The new research on risks to airlines creates a quandary for regulators, which were barred in 2012 by Congress from imposing standards on lithium battery shipments that would be stricter than those recommended by the United Nations’ International Civil Aviation Organization. The Department of Transportation and its Pipeline and Hazardous Materials Safety Administration can’t enact anything tougher than current ICAO standards unless “credible reports” emerge of on-board fires.
“It’s set an incredibly high hurdle for us to see further regulations, but that doesn’t mean we’re not going to keep on pushing for it,” Sean Cassidy, national safety coordinator for ALPA, said in an interview.
PHMSA said July 31 it’s adopting ICAO’s recommended standard for lithium battery cargo, which takes effect in the U.S. Feb. 1. The regulations will require improved packaging and notification, according to a press release.
Passengers are still allowed to carry their phones, computers and other devices with lithium batteries.
A spokesman for PHMSA, Damon Hill, didn’t return phone calls seeking comment on whether the standards are adequate considering the new research.
“As more testing is done and new information becomes available, we will continue to factor that data into our efforts,” UPS said in an e-mailed joint statement with its pilots union, the Independent Pilots Association.
The Rechargeable Battery Association, also known as PRBA, hasn’t had a chance to digest the latest FAA test results, George Kerchner, executive director of the Washington-based trade group, said in an interview.
“It’s something that we’re going to be looking at,” Kerchner said.
Safety is a top concern of manufacturers and they are eager to work with regulators to understand the tests, Kerchner said. The group wrote to ICAO on Aug. 8 seeking awareness campaigns and better guidance on how to ship lithium-based batteries.
There are two major categories of lithium batteries, rechargeable and non-rechargeable, and each burns differently.
U.S. passenger airline flights have been prohibited since 2004 from carrying cargo with non-rechargeable lithium batteries. When they burn, they produce their own oxygen supply and can’t be extinguished by fire suppression systems installed on aircraft, according to FAA research.
The rechargeable lithium-ion cells, which also burn violently, have been allowed to be transported in the belly of U.S. passenger flights since previous testing showed that fire extinguishing systems were capable of containing any blaze.
The new FAA research identified several new hazards in both category of battery.
In one test, a single D-size lithium non-rechargeable cell was heated in an airline shipping container.
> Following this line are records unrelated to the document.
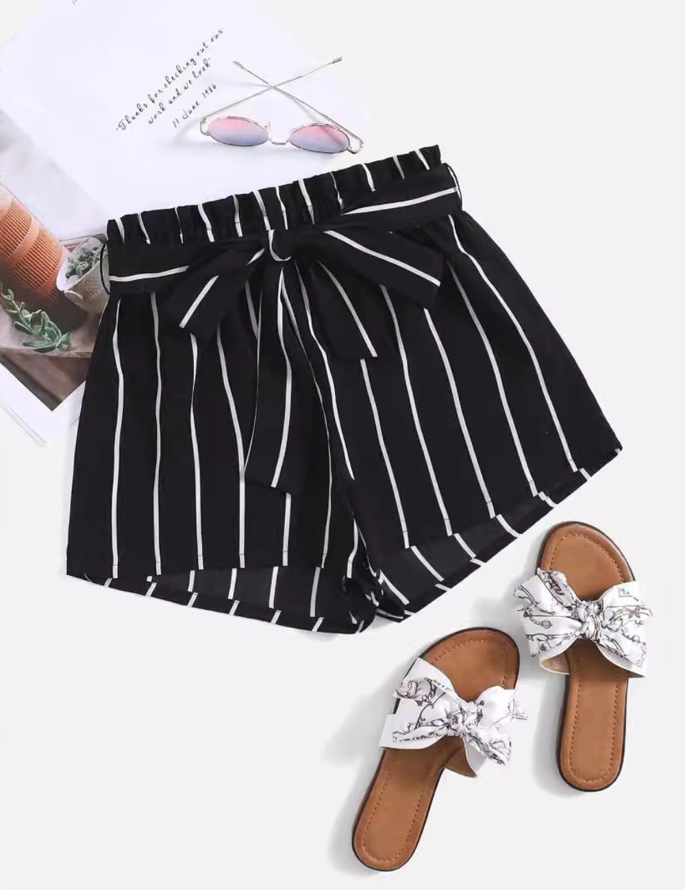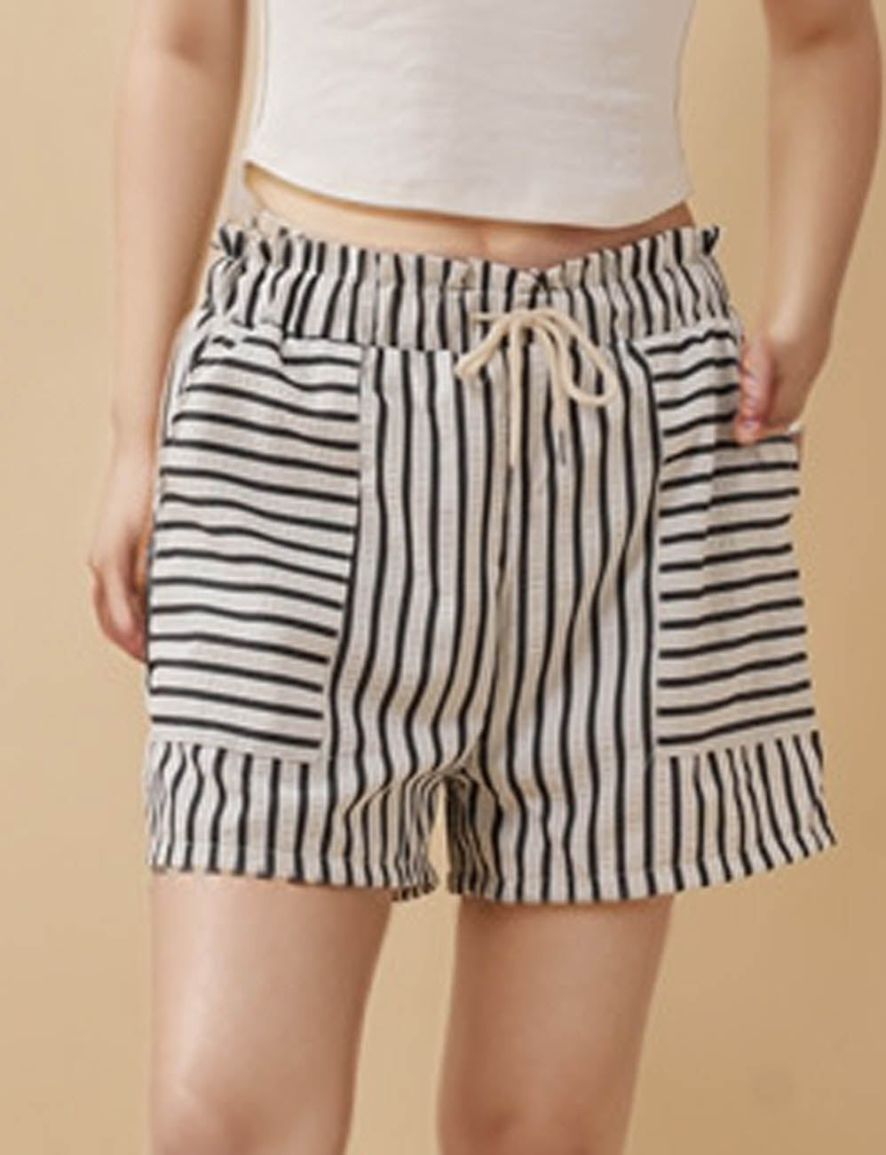 Ladies Color Block Elastic Waist String Tie Striped Shorts
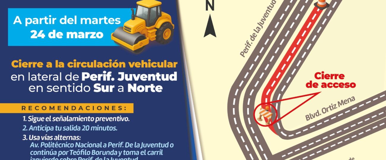 Como parte de la construcción de la Gaza de Incorporación en Teófilo Borunda y periférico de la Juventud, la Dirección de Obras Públicas del Gobierno Municipal, informa el cierre temporal de la lateral intermedia del periférico de la Juventud, en sentido del boulevard Ortiz Mena hacia el norte, por lo que se exhorta a las y los conductores a extremar precauciones al circular por la zona.
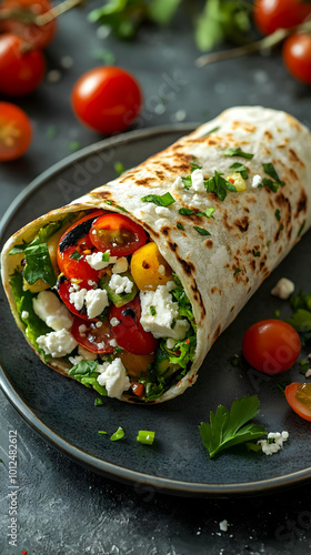 Grilled Feta Cheese, Cherry Tomato & Lettuce Veggie Wrap Photo
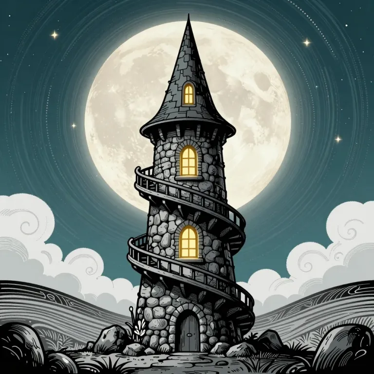 A spiral stone tower with multiple balconies and a pointed roof is illuminated by the ethereal glow of a full moon, casting long shadows and highlighting the textured stone. Swirling clouds below add a dynamic element to the composition, creating a sense of depth and scale.
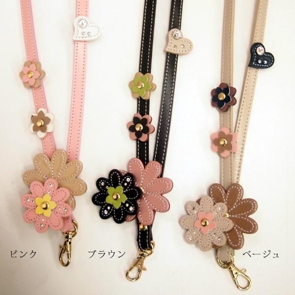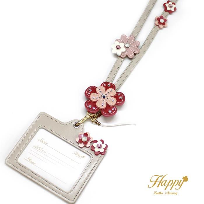 happy ネックストラップ 首 本革 5弁 フラワー 花 名入れ キラキラ スワロフスキー 日本製 本革 レディース 大人 かわいい おしゃれ 女性 ネーム ホルダー id ic カード 定期入れ 社員証 パス ケース 携帯 スマホ iphone デジカメ 落下防止
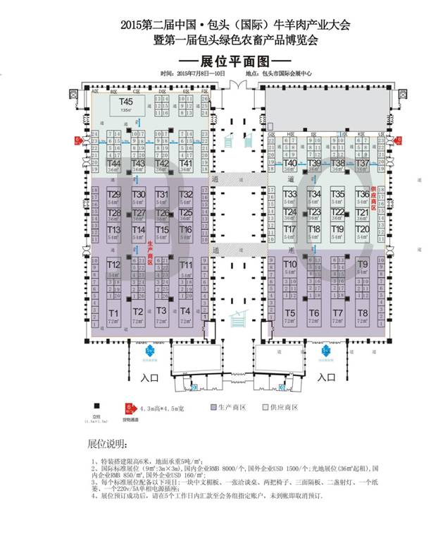 根據規(guī)劃,展館占地面積為10664平米。其中B館占地面積為5832平米可供搭建標準展位(3mX3m256個,主要以國內外牛羊肉生產加工企業(yè)、生產加工設備、包裝技術、冷鏈服務、各地區(qū)集體參展、獸醫(yī)獸藥、圈舍舍建設、飼草、金融服務機構、品牌營銷機構等企業(yè)為主導。C館占地面積4832平米,可供搭建標準展位(3mX3m229個,主要以包頭市轄內各農牧業(yè)企業(yè)等參展單位為主。
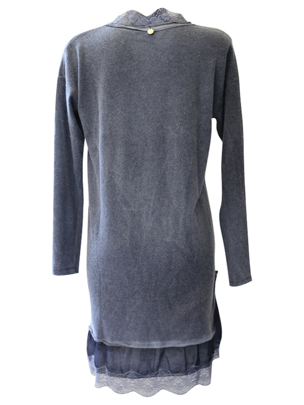 Une maille tricot fine de couleur bleu gris bordée de tissu fin et dentelle nous donne la robe Nana Nucci OA5.
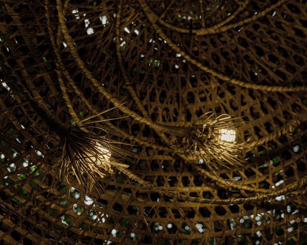 Скрытые кластеры светодиодов прячутся внутри плетёного абажура, излучая тёплый и гостеприимный свет, который раскрывает текстуру мастерства.
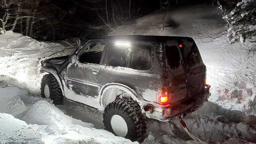 Спасательная операция по вызволению из снежного плена застрявших в снегу машин в горах Северной Осетии Алании.
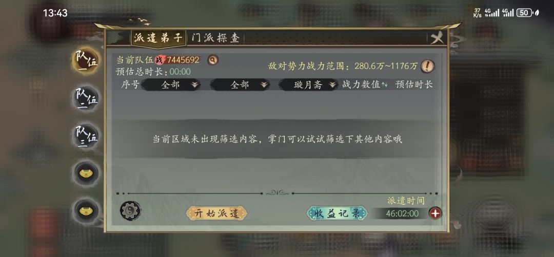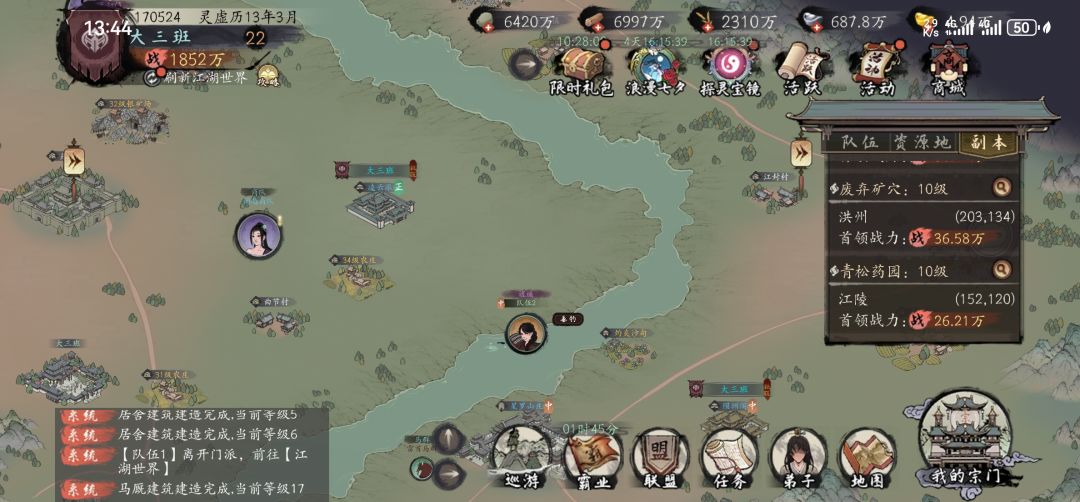 巡游功能有些类似于其他游戏的搜索,主要是方便寻找世界地图上的势力及野怪。巡游分成两种,派遣弟子及门派探查。派遣弟子设定后可以实现一键清理野怪,采集,开宝箱,有两片资源地图的时候,通常可设定主队打怪开宝箱,其他队伍采集,省去找怪找资源地的时间。巡游的时候要保持在游戏界面,不能退出。门派探查类似于搜索,会选定区域,方便查找世界地图上占领资源,势力,随机事件的位置。
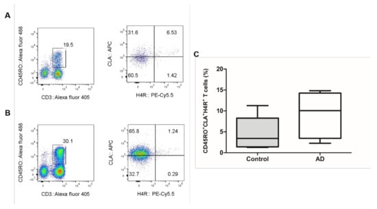 3.3. Comparison of CD45RO+CLA+H4R+ T Cells in Patients with AD and Healthy Controls
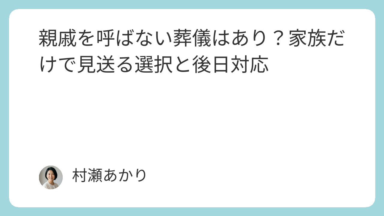 結論から言います。親戚を呼ばない葬儀は、できます。「家族だけで見送る」という選択は、決して非常識ではありません。ただし、後々のトラブルを防ぐために知っておくべきことがあります。この記事では、現場経験11年の元葬儀ディレクターが正直にお伝えします。
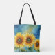 Os ouros quentes dos girassóis trazem uma alegre e ensolarada vibração ao seu carregar do dia a dia. Projetado para conforto com alças resistentes que se sentam facilmente no ombro. Transforme as tarefas comuns em uma experiência na moda com este elegante bolsa floral. Criado com tecido de canvas de qualidade para uso duradouro e manutenção fácil. Saia na multidão com um padrão único de girassol de cor d'água que é a tendência e o eterno.
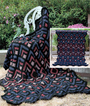 The Homespun Mitered Afghan Pattern is a knit afghan pattern made with bulky weight yarn that has a skill level of expert.
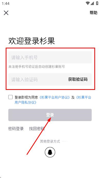 3、在登录页面填写手机号对应的内容,点击获取并填写验证码,勾选协议后,点击登录完成账号登录操作。
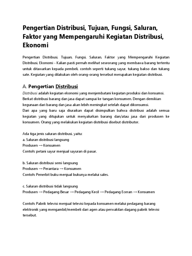 Pengertian Distribusi Tujuan Fungsi Saluran Faktor Yang Mempengaruhi Kegiatan Distribusi Ekonomi
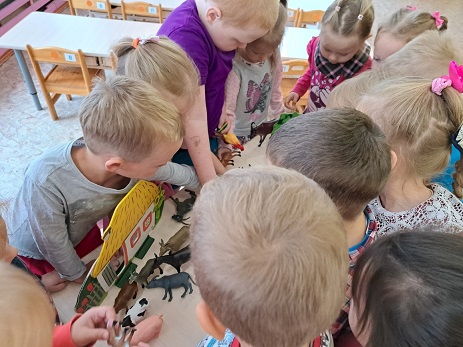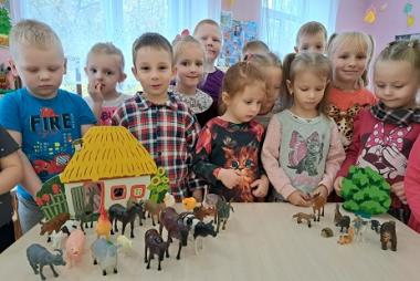 В группе раннего возраста " Яблочко" малыши с воспитателем Тимофеевой Зоей Сергеевной рассматривали картинки с домашними и дикими животными, говорили кто как говорит, играли с фигурами диких животных.
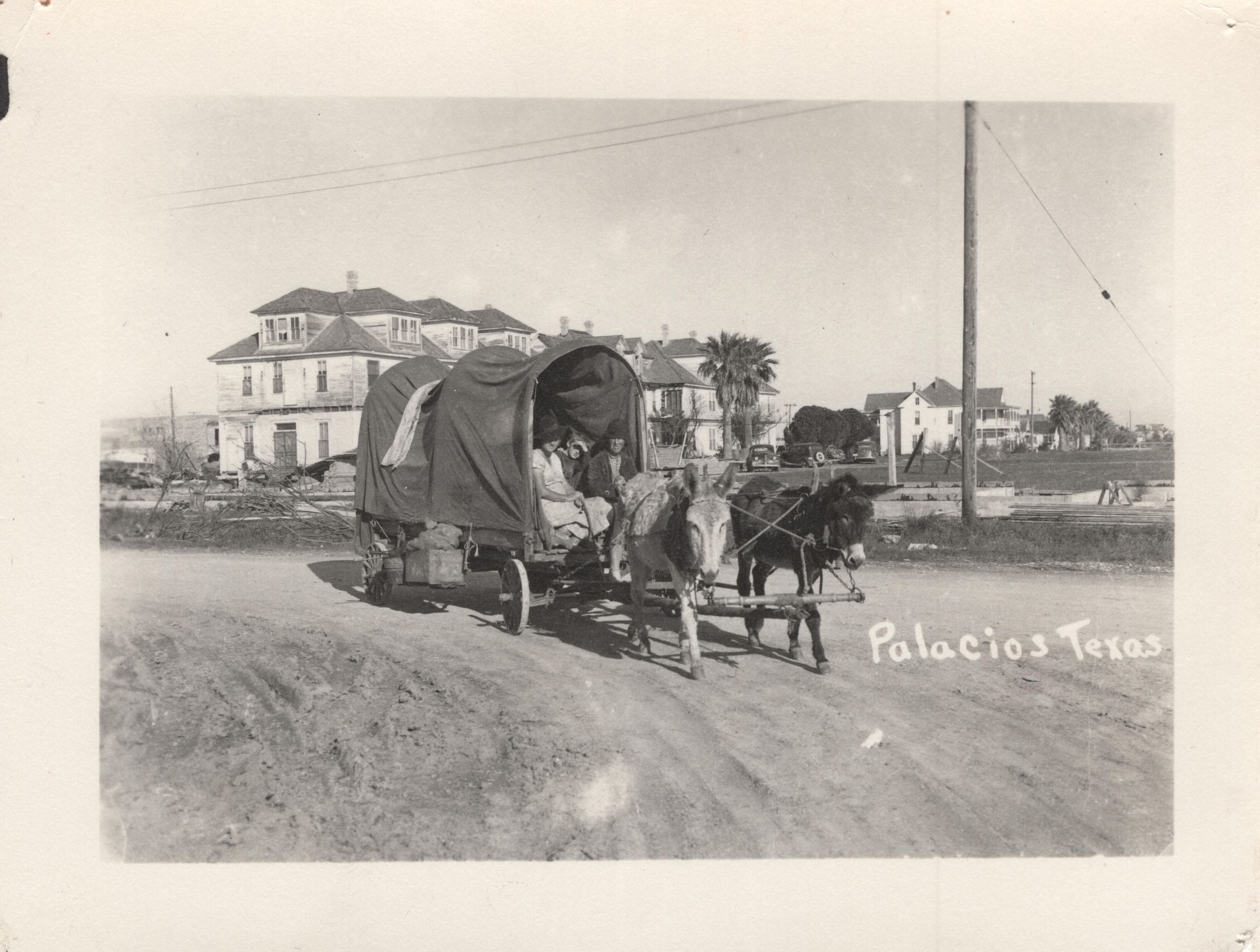 Donkeys pulling wagon carrying a family. In the background is Hotel Palacios in disrepair.
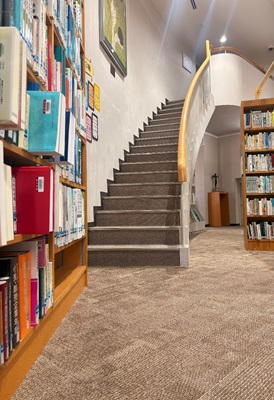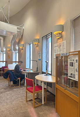 どこにでも勉強するスペースがあって勉強がしやすい大学だと思いました。図書室には本が約10万冊あり自習スペースもあります。 まじめな人が多く利用している雰囲気がしました。二階に行くと本がたくさんあり、展示されている本もありました。とても静かな空間で勉強がしやすそうだと思いました。
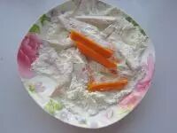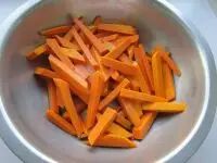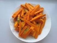 1.把南瓜去皮切条,去掉中心的瓜瓤,然后切成1厘米宽4厘米长的段
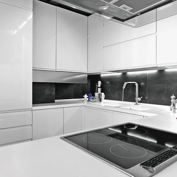 La finitura PU bianca 218-9005/95 realizzata per l’arredamento di interni, è esente da sostanze chimiche aromatiche e caratterizzata da eccellente copertura, ottima distensione, rapidità di essiccazione. Può essere applicata sia a velo che a spruzzo automatico, direttamente su carta melamminica carteggiata. E’ caratterizzata da una mano morbida e scivolosa. Grazie all’assenza di sostanze chimiche aromatiche il prodotto non presenta in etichetta il pittogramma di rischio di tossicità a lungo termine. La carta melamminica deve essere carteggiata con carta di diversa finezza, fino alla 600. Su supporto carteggiato accuratamente la prima mano può essere anche di 200-300 gr/m². Accatastabile già dopo 2-3 ore a 20°C. Il ciclo di verniciatura è composto da finitura 218-9005/95 + catalizzatore 812-20 al 100% + diluente 922-03 al 30-70%. La rapidità di essiccazione rende possibile un sistema lucido rapido con ottima copertura e corpo. L’eccellente adesione conferisce resistenza agli urti, le buone resistenze chimiche resistenza ai liquidi freddi e l’ottima durezza superficiale resistenza al graffio.

Instead of burning, it exploded with enough force to dislodge the top of the container and released significant smoke.
An ICAO meeting summary from earlier this year revealed tests where a load of 4,800 non-rechargeable batteries in a mothballed airliner was ignited. After the test was suspended to prevent damage to the aircraft, the battery load exploded with such force that it blew the cockpit door off its hinges.
Both types of batteries behave unpredictably when overheated or ignited, according to the latest research. Changes in manufacturing can create “substantially different” reactions, according to the FAA tests.
“Unfortunately, the more testing we do, the more concerned we become,” Gus Sarkos, manager of the FAA’s Fire Safety Branch, said Aug. 6 at a conference in Washington sponsored by the pilots association.